DATA FOR THIS TASK

⁂

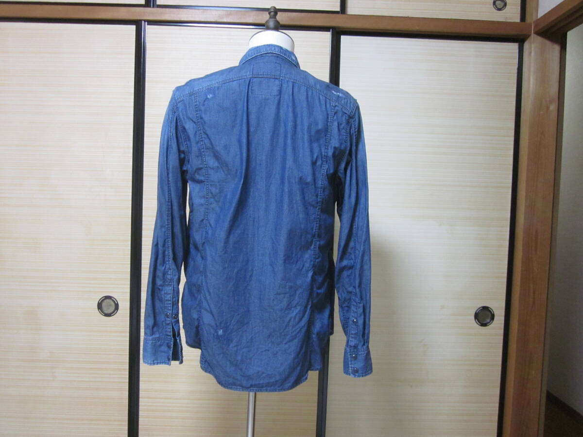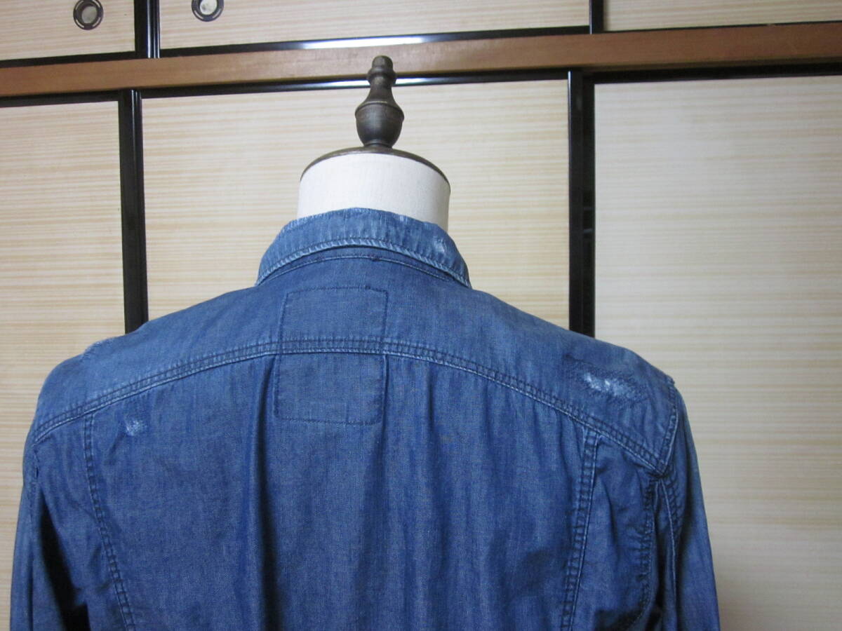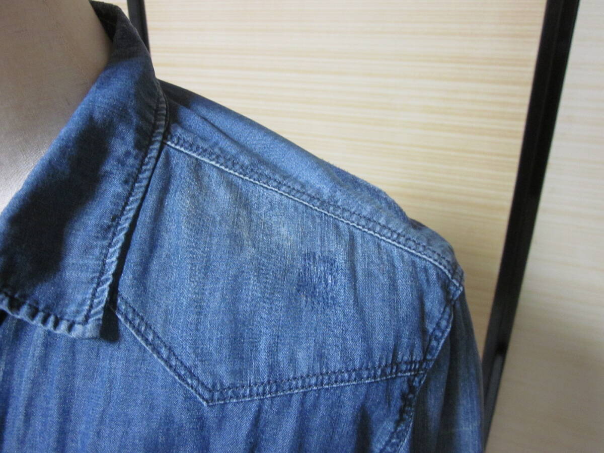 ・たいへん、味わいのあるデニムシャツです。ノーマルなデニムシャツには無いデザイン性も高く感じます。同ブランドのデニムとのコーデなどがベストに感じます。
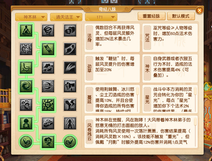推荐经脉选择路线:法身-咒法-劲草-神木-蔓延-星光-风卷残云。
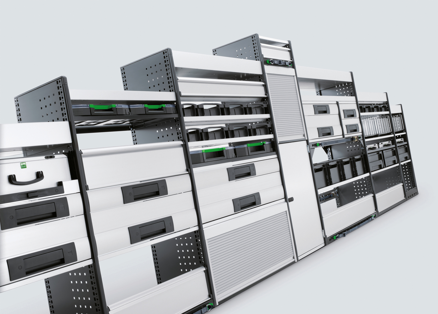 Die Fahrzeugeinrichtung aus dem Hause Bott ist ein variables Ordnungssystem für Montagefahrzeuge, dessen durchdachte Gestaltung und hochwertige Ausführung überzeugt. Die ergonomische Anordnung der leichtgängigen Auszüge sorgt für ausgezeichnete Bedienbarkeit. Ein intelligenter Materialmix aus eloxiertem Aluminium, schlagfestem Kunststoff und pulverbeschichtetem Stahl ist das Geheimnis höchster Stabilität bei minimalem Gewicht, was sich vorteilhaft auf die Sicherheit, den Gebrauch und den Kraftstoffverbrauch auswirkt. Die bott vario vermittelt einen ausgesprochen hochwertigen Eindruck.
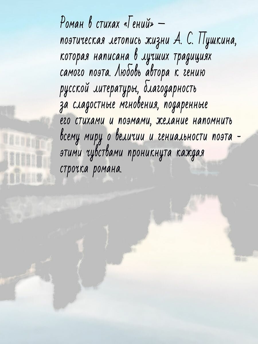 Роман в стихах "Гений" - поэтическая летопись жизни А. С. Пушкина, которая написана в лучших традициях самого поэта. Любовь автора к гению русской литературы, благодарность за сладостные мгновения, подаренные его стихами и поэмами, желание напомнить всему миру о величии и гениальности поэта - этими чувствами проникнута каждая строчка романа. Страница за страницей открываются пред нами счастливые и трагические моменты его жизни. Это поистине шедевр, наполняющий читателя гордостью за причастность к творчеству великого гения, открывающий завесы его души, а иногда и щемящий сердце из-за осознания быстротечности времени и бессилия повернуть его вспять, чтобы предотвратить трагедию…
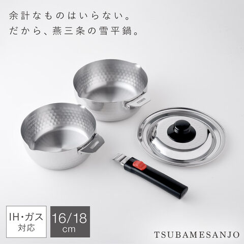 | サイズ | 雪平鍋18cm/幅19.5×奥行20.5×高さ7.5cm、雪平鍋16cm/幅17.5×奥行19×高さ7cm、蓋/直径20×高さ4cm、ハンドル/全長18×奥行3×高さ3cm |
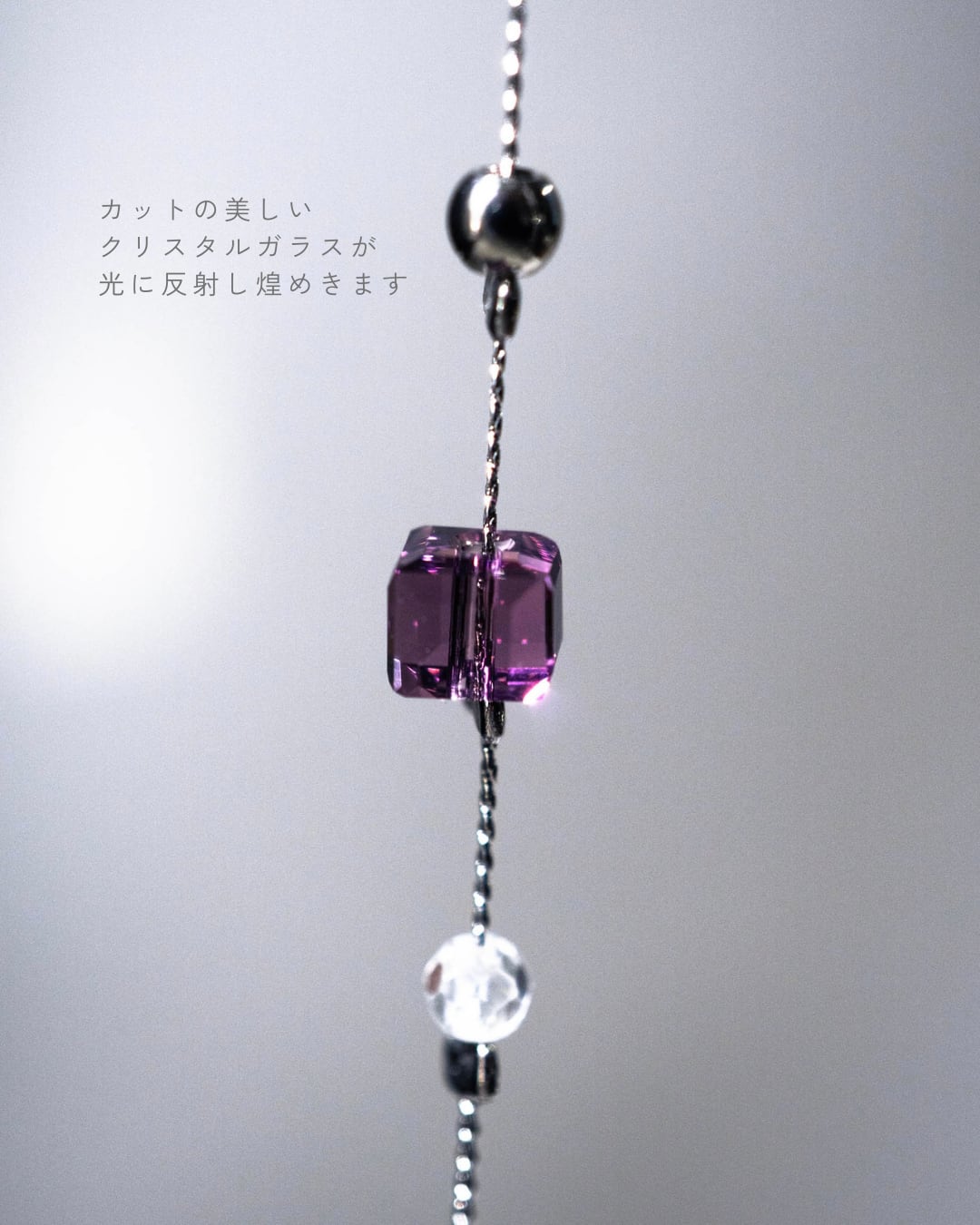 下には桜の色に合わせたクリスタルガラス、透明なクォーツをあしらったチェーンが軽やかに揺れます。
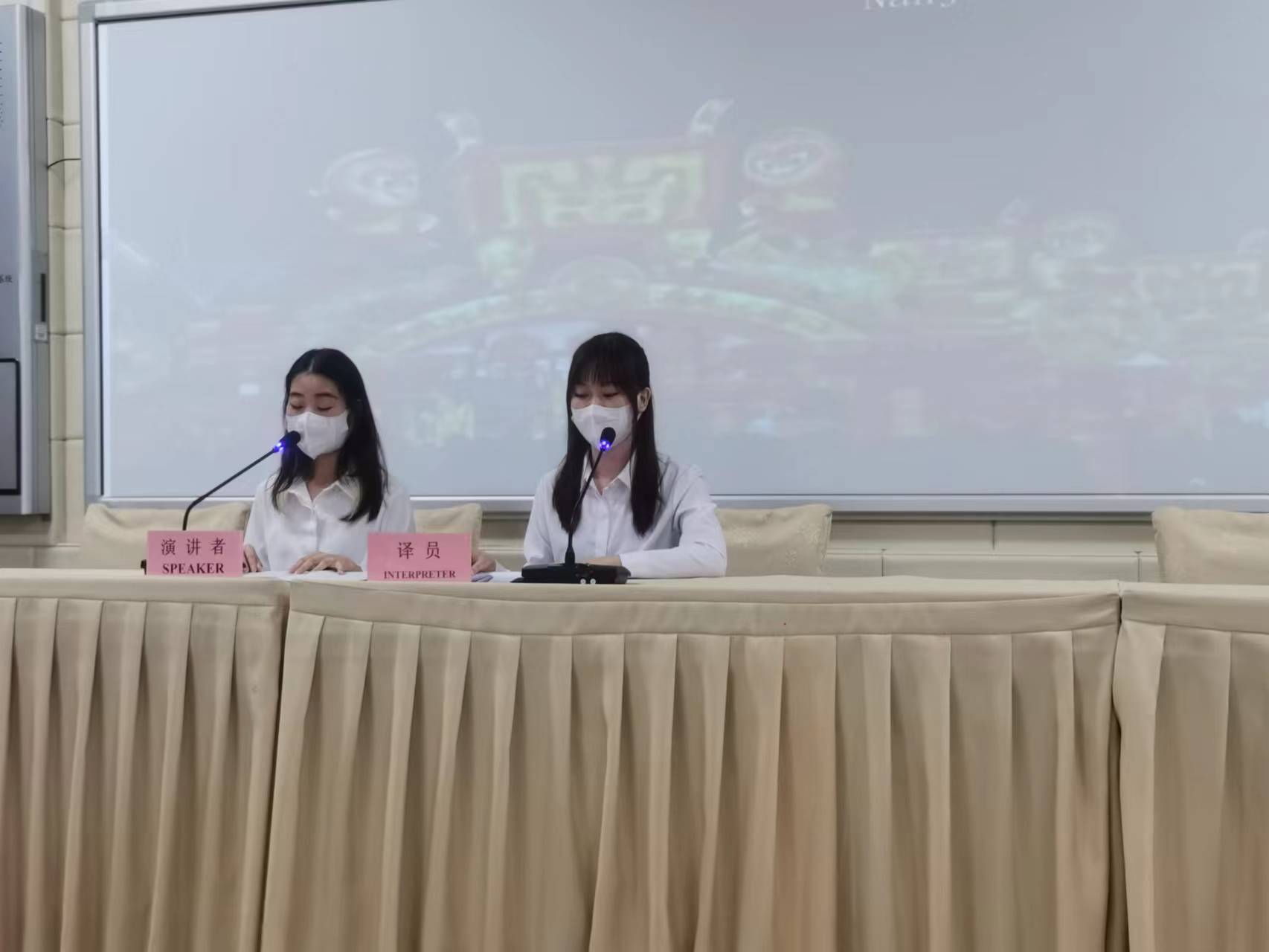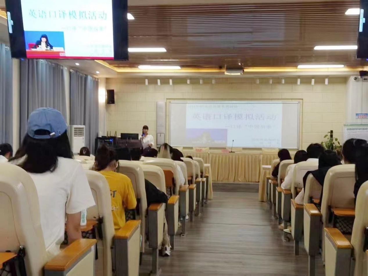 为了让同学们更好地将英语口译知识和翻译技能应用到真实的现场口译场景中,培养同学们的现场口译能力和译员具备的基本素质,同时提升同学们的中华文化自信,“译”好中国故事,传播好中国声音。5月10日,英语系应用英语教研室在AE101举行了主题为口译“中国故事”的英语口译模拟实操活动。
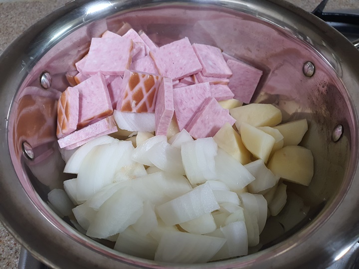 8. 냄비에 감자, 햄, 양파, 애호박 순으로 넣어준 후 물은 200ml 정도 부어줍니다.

⁂

DESCRIPTION OF THE TASK
Your answer must be an exact copy of the records, free of images.

TASK OUTPUT
 ・たいへん、味わいのあるデニムシャツです。ノーマルなデニムシャツには無いデザイン性も高く感じます。同ブランドのデニムとのコーデなどがベストに感じます。
推荐经脉选择路线:法身-咒法-劲草-神木-蔓延-星光-风卷残云。
 Die Fahrzeugeinrichtung aus dem Hause Bott ist ein variables Ordnungssystem für Montagefahrzeuge, dessen durchdachte Gestaltung und hochwertige Ausführung überzeugt. Die ergonomische Anordnung der leichtgängigen Auszüge sorgt für ausgezeichnete Bedienbarkeit. Ein intelligenter Materialmix aus eloxiertem Aluminium, schlagfestem Kunststoff und pulverbeschichtetem Stahl ist das Geheimnis höchster Stabilität bei minimalem Gewicht, was sich vorteilhaft auf die Sicherheit, den Gebrauch und den Kraftstoffverbrauch auswirkt. Die bott vario vermittelt einen ausgesprochen hochwertigen Eindruck.
 Роман в стихах "Гений" - поэтическая летопись жизни А. С. Пушкина, которая написана в лучших традициях самого поэта. Любовь автора к гению русской литературы, благодарность за сладостные мгновения, подаренные его стихами и поэмами, желание напомнить всему миру о величии и гениальности поэта - этими чувствами проникнута каждая строчка романа. Страница за страницей открываются пред нами счастливые и трагические моменты его жизни. Это поистине шедевр, наполняющий читателя гордостью за причастность к творчеству великого гения, открывающий завесы его души, а иногда и щемящий сердце из-за осознания быстротечности времени и бессилия повернуть его вспять, чтобы предотвратить трагедию…
 | サイズ | 雪平鍋18cm/幅19.5×奥行20.5×高さ7.5cm、雪平鍋16cm/幅17.5×奥行19×高さ7cm、蓋/直径20×高さ4cm、ハンドル/全長18×奥行3×高さ3cm |
 下には桜の色に合わせたクリスタルガラス、透明なクォーツをあしらったチェーンが軽やかに揺れます。
 为了让同学们更好地将英语口译知识和翻译技能应用到真实的现场口译场景中,培养同学们的现场口译能力和译员具备的基本素质,同时提升同学们的中华文化自信,“译”好中国故事,传播好中国声音。5月10日,英语系应用英语教研室在AE101举行了主题为口译“中国故事”的英语口译模拟实操活动。
 8. 냄비에 감자, 햄, 양파, 애호박 순으로 넣어준 후 물은 200ml 정도 부어줍니다.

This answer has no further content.